# The Mortuary Of St Peters - November 2013



## mockingbird (Nov 19, 2013)

*Mockingbirds been busy *

I arrived at night, perfect timing and I had heard it was locked up tight, I had doubts hearing this from the rumour mill and Halloween just gone, anything is possible although the camera now points at the mortuary, this was either going to be a big fail or a rather exciting attempt. This was a solo visit my cousin lay asleep in the car (cowards way out I reckon). What is better than a mortuary in darkness though? nothing that's what, this place got the blood pumping thats for sure, one thing you should never do in a place like this is tread on a lightbulb in darkness, (some idiot had left 3 lightbulbs laying about) I trod on the poor thing, it blew up and I shat myself... good start.
I looked around first of all working out where everything was, then began taking some shots with the flash on, I wasnt happy with this, it was pretty much pitch black, and with voices and footsteps coming from the main hospital, I didnt fancy getting out to get back in again, so I waited it out... this is the point my brain said "Mockingbird, you either stand somewhere, or you be a coward and leave" I stood somewhere.

Finally I got round to taking pictures, when the sun finally came up the green lighting from outside was beautiful, how can a mortuary be beautiful I will never know, but it was and I loved it, my father used to be a mortician and well this certainly showed me something of his work, I had never seen but felt in my element since I had arrived.
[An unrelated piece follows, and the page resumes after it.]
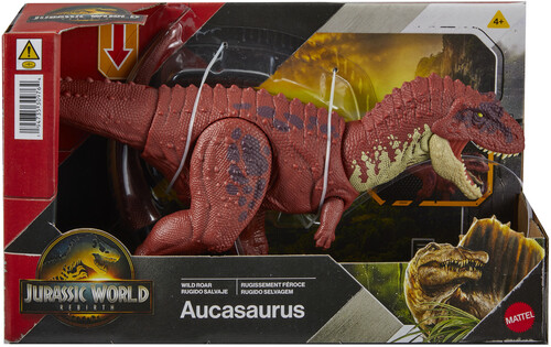 - Attack and roar! This Wild Roar Aucasaurus toy inspired by Jurassic World Rebirth has an aggressive chomp attack which can change direction, and a ferocious roar for dinosaur battle play!
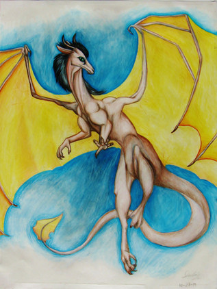 A picture of 's character for her contest. She is a gold and silver dragoness. But I haven't got the golden coloured dry pastel so it looks rather yellow. I hope you don't mind Verra.Related content

I know my pictures wont be any different than the posts earlier on this year, maybe some more water and dampness thrown in, considering a pipe is leaking more with brown water and the electricity is still on after all this time! 

Anyway I had my full share of this mortuary, an decided due to the time and so on, best I leave before im easily spotted, I arrived back to the car and my cousin told me I stink... (Well I had been laying on the mortuary tables)... 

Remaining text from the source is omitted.